| Prompt |
Every line from the one with "경남 밀양시는 상수도" to the one with "Baraka Kültür Merkezi", including those two, is to be copied exactly; all other lines of the entries below are left out.

| Data for this exercise |
**********
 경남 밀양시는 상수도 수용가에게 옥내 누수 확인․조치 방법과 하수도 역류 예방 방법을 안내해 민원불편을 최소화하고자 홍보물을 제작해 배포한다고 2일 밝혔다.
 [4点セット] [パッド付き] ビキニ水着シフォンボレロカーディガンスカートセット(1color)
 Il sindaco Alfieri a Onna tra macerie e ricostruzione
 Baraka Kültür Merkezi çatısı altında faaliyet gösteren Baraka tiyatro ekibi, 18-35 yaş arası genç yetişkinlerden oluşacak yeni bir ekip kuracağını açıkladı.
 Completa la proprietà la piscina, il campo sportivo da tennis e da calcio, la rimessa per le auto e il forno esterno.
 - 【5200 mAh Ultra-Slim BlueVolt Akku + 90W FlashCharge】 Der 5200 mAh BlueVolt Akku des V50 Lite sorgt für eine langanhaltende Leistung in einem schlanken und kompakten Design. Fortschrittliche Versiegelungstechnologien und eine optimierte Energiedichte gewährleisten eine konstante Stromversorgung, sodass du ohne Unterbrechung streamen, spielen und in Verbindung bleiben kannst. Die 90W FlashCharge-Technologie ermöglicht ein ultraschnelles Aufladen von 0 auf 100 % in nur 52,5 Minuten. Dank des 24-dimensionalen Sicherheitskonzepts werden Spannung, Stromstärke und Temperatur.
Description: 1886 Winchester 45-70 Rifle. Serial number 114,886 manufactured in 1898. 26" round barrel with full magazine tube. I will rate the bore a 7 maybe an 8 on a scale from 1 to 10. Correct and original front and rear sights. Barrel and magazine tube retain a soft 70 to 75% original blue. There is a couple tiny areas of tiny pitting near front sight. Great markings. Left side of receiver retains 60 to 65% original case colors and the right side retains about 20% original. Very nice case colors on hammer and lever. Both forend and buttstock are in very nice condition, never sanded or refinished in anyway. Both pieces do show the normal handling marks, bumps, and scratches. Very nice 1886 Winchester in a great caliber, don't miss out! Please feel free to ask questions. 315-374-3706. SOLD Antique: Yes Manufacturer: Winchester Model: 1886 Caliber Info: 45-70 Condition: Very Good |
**********
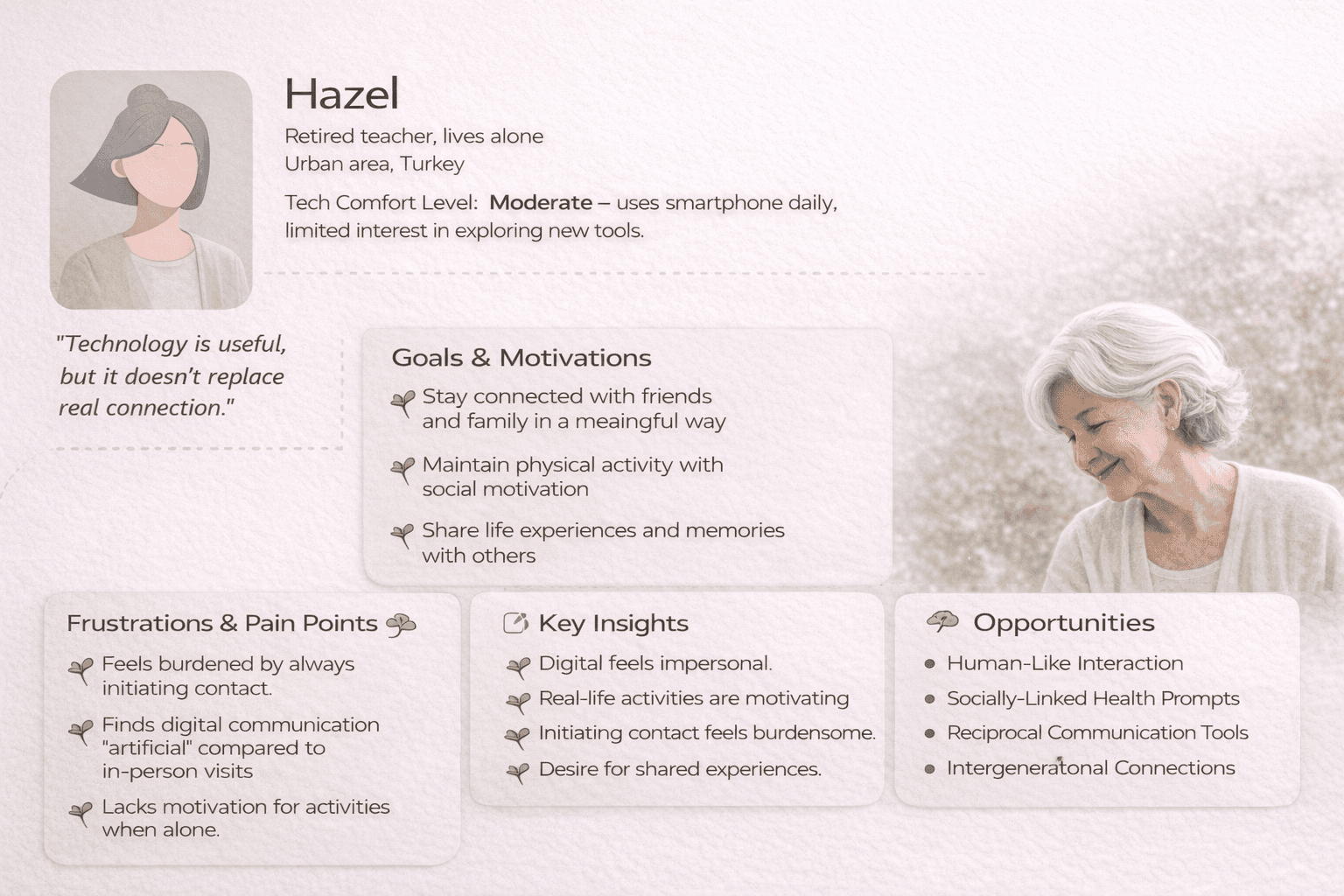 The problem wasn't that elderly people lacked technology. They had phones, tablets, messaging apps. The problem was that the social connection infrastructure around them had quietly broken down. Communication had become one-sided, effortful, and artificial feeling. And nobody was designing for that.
**********
| Result for this exercise |
 경남 밀양시는 상수도 수용가에게 옥내 누수 확인․조치 방법과 하수도 역류 예방 방법을 안내해 민원불편을 최소화하고자 홍보물을 제작해 배포한다고 2일 밝혔다.
 [4点セット] [パッド付き] ビキニ水着シフォンボレロカーディガンスカートセット(1color)
 Il sindaco Alfieri a Onna tra macerie e ricostruzione
 Baraka Kültür Merkezi çatısı altında faaliyet gösteren Baraka tiyatro ekibi, 18-35 yaş arası genç yetişkinlerden oluşacak yeni bir ekip kuracağını açıkladı.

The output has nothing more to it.